*Exercise*
Below are entries. Give back exactly the lines from the one containing "続いてパスタ料理2品とメイン" through the one containing "Um Anmeldung unter", inclusive, without the pictures.

--- Data Enclosed Below ---

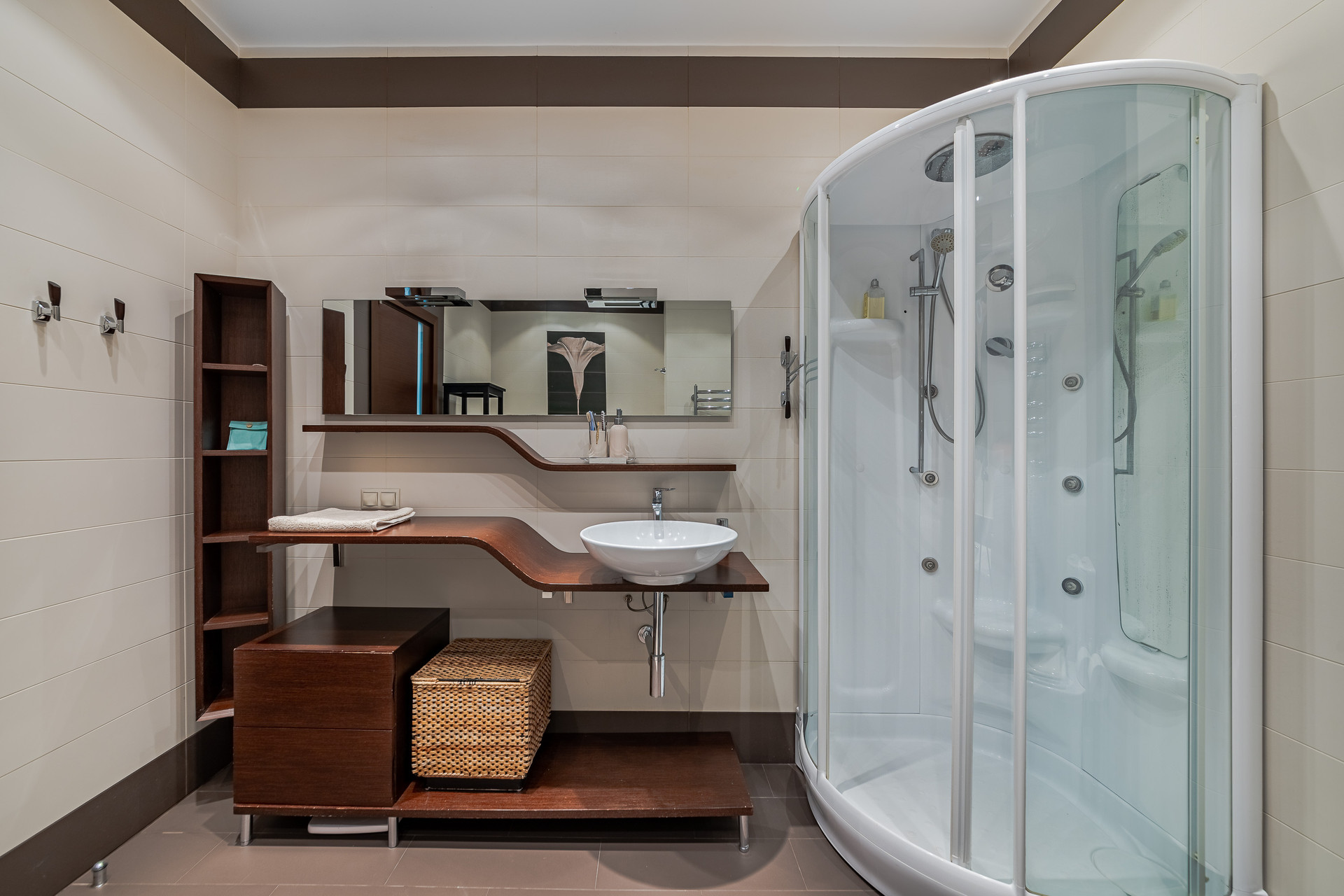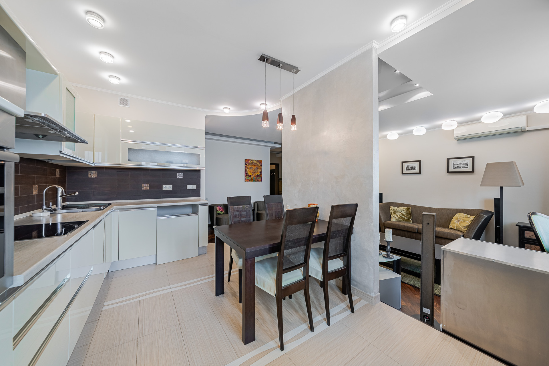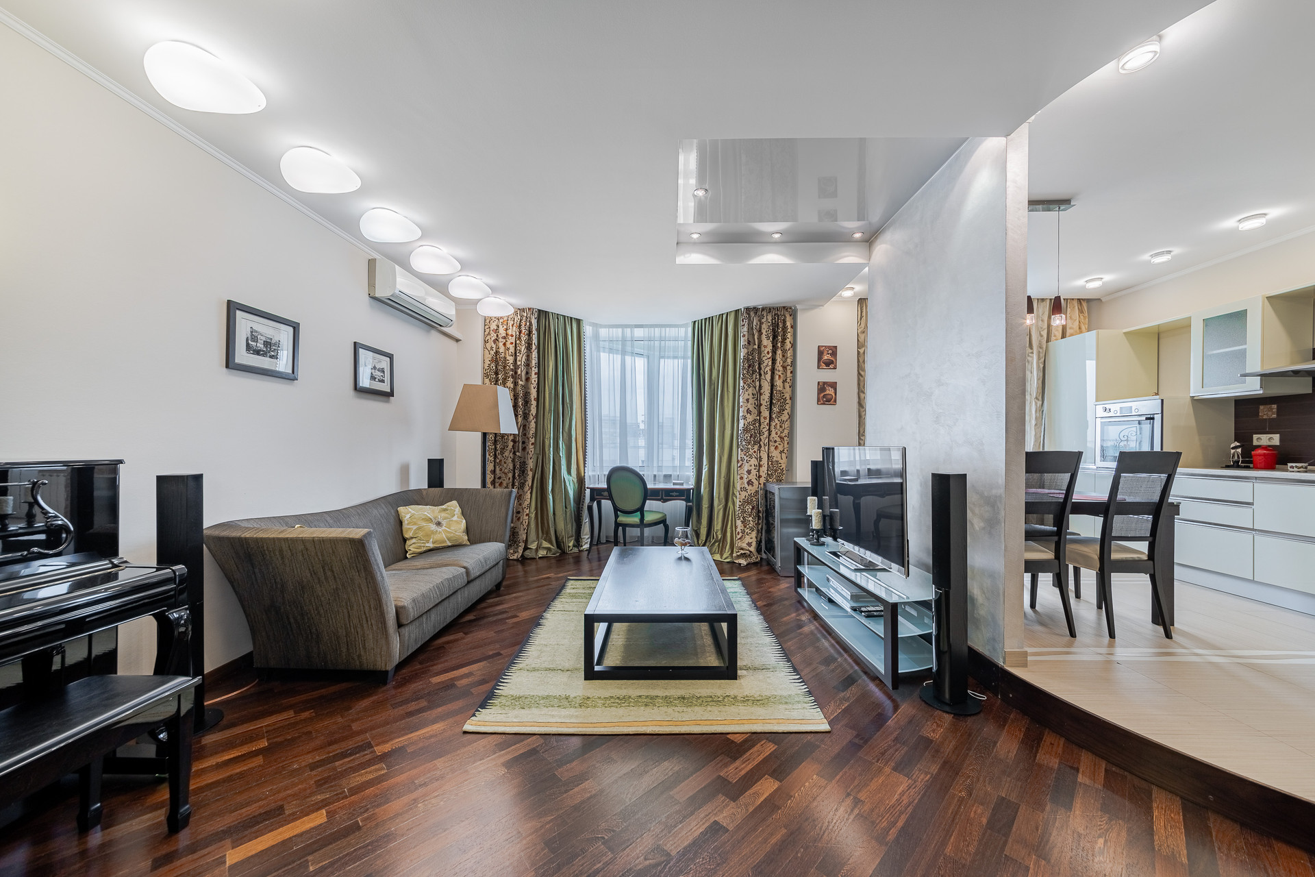 Функциональное планировочное решение: холл, просторная оборудованная лоджия с зоной отдыха, большая кухня - гостиная, детская и спальня, две гардеробные. Санузел совмещен, установлены душевая кабина и ванная, есть бойлер и система водоочистки. Предусмотрена система кондиционирования и теплый пол на кухне и в санузле. Мебель в спальне и детской, и телевизор по договоренности. Помещения выполнены в мягких оттенках, что позволило создать особую атмосферу уюта.
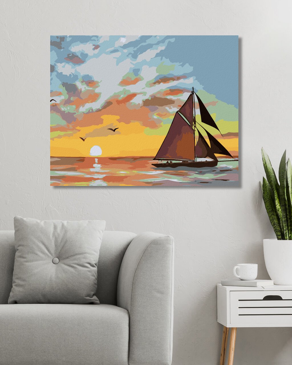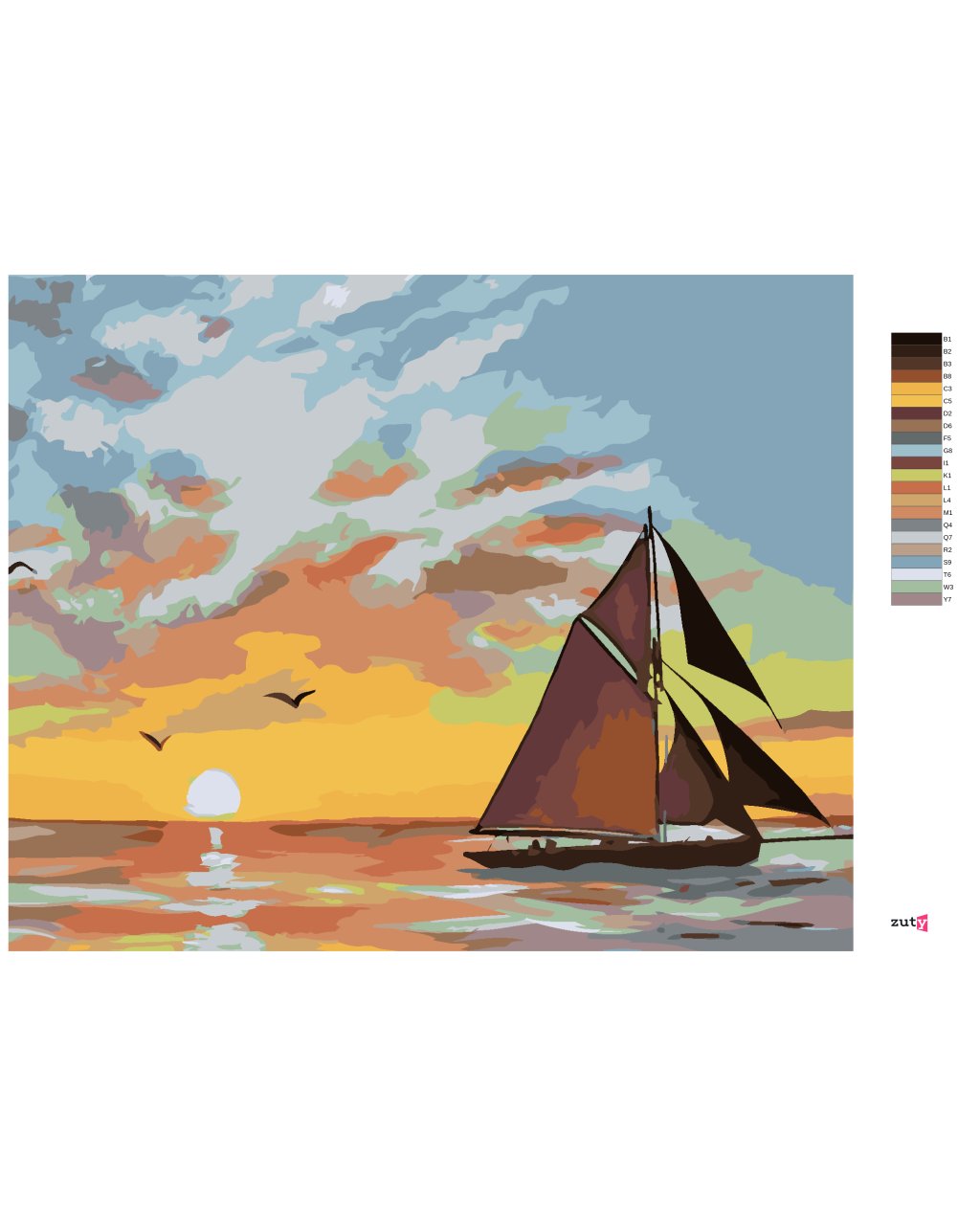 Maľovanie podľa čísel - PLACHETNICA A ZÁPAD SLNKA (D. RUSTY RUST)
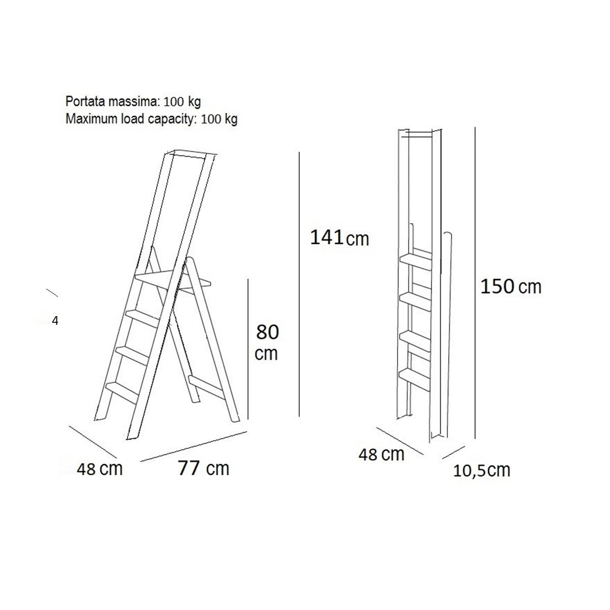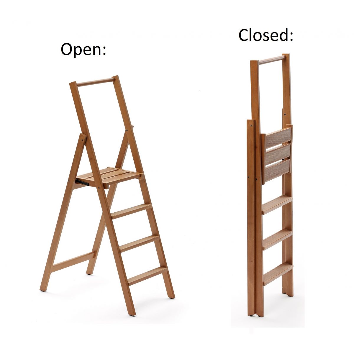 • Klappbare Leiter mit 4 rutschfesten Stufen, komplett aus massiver Buche, Gummifüße an der Basis
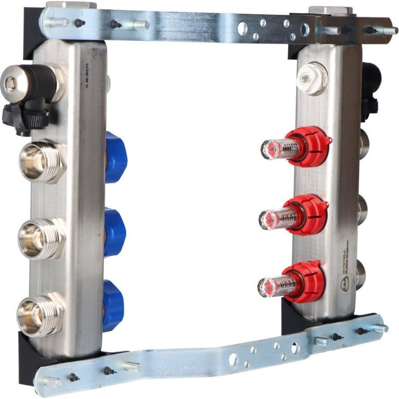 Rozdzielacz InoxFlow z zaworami do siłowników i przepływomierzami (seria UFST MAX) - 3 obwody
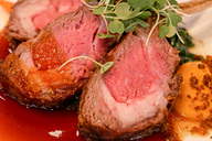 続いてパスタ料理2品とメイン料理4品です。パスタは、黒トリュフのスライスがこれでもかと添えられたラビオリ風のアグノロッティと、イカスミのガルガネッリです。アメリカでありがちな茹ですぎパスタではなく、絶妙のアルデンテに茹でられたパスタは、いずれも濃厚な味わいで、これまでアメリカで食べたパスタのなかでもトップクラスの美味しさでした。このパスタの味わいなら、アメリカのイタリアンもかなりお勧めできそうです。
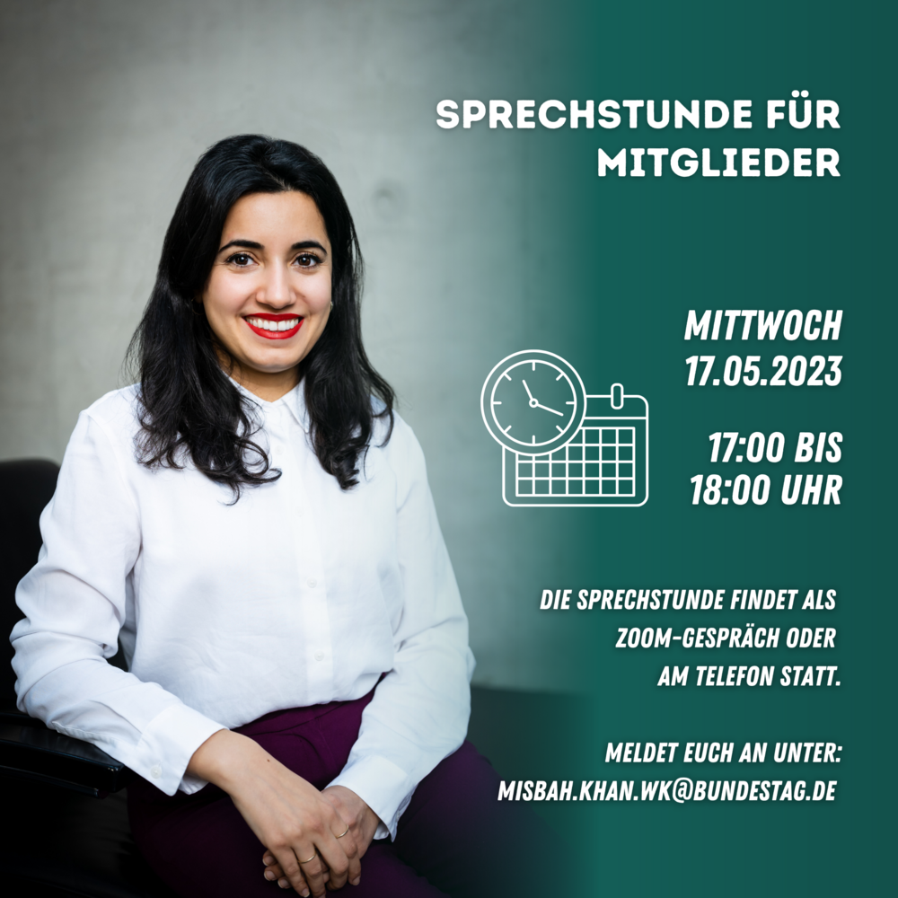 Um Anmeldung unter misbah.khan.wk@bundestag.de wird gebeten.
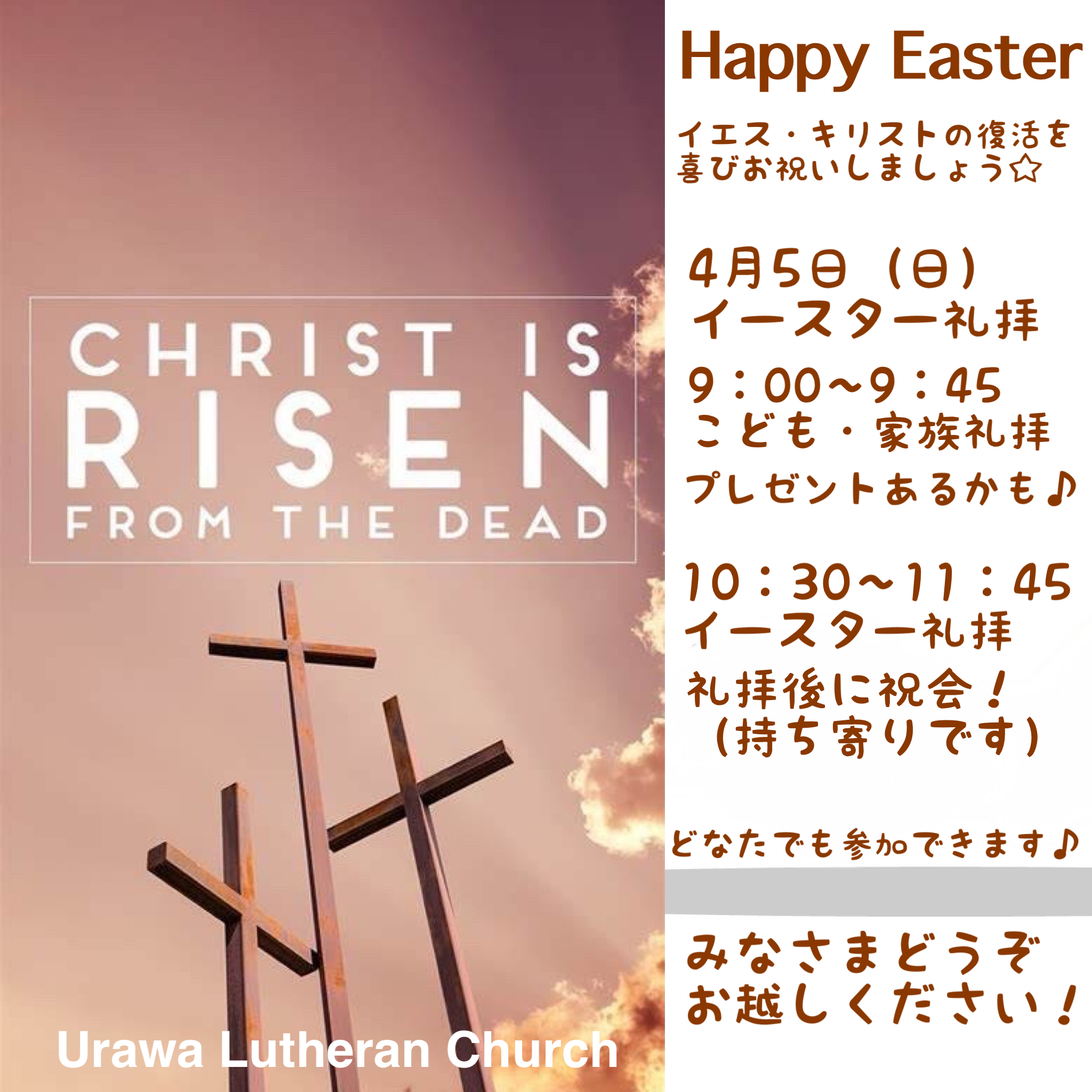 イースターだよ全員集合! みんなでキリストの復活をお祝いしましょう♪ 4月5日(日)9:00〜9:45 こどもと家族の礼拝 イースターのプレゼントがあるかも♪ 4月5日(日)10:30〜11:45 復活祭 イースター礼拝 キリストの復活を喜び祝います♪ 礼拝後、持ち寄りによる祝会をします♪ どなたでも大歓迎! 手ブラでOK 服装自由 献金自由 のぞいてみるだけでも大丈夫♪ 来て、見て、聞いて、受け取ってください、神さまの祝福を♪ どうぞお気軽にお越しください♪ ☆YouTubeに福音メッセージ動画アップしてます♪浦和ルーテル教会で検索してください☆
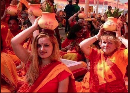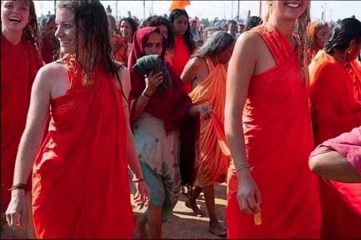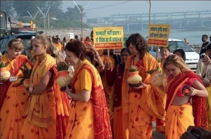हेशटैग #KumbhMela से ट्विटर यूजर @KrrishYadhu ने प्रयागराज में चल रहे कुंभ की तस्वीरों का एक कोलाज पोस्ट किया जो सोशल मीडिया पर वायरल हो गया. इस पोस्ट में विदेशियों की तीन तस्वीरें हैं जिसमें वे परंपरागत भारतीय परिधानों में हिन्दू रीति-रिवाजों को पूरा करते नजर आ रहे हैं. पोस्ट में तस्वीरों के साथ लिखा गया है- 'प्रिय मिशनरियों, यहां देखो...हमने लोगों को जबरन धर्म परिवर्तन के लिए कोई किताब या पैसा नहीं दिया...हिन्दुत्व आपकी कल्पना से बाहर है...#KumbhMela.'
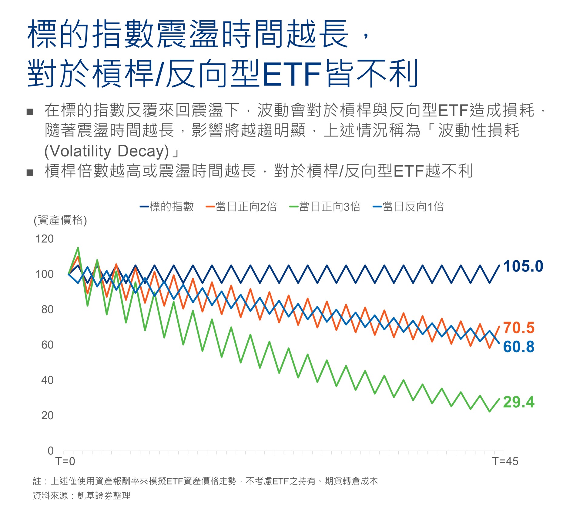 🔍槓桿型ETF的運作方式,為放大標的指數的每日報酬率。標的指數一路上漲時,槓桿ETF因複利效果,持續放大報酬,期間資產因複利效果,期間報酬表現較槓桿倍數佳;但若盤勢轉為震盪,波動會對於槓桿與反向型ETF造成損耗,隨著震盪時間越長,影響將越趨明顯,上述情況稱為「波動性損耗 (Volatility Decay)」,並且,槓桿倍數越高或震盪時間越長,對於槓桿/反向型ETF越不利。

--- End of Enclosed Data ---

*Result of the exercise*
 続いてパスタ料理2品とメイン料理4品です。パスタは、黒トリュフのスライスがこれでもかと添えられたラビオリ風のアグノロッティと、イカスミのガルガネッリです。アメリカでありがちな茹ですぎパスタではなく、絶妙のアルデンテに茹でられたパスタは、いずれも濃厚な味わいで、これまでアメリカで食べたパスタのなかでもトップクラスの美味しさでした。このパスタの味わいなら、アメリカのイタリアンもかなりお勧めできそうです。
 Um Anmeldung unter misbah.khan.wk@bundestag.de wird gebeten.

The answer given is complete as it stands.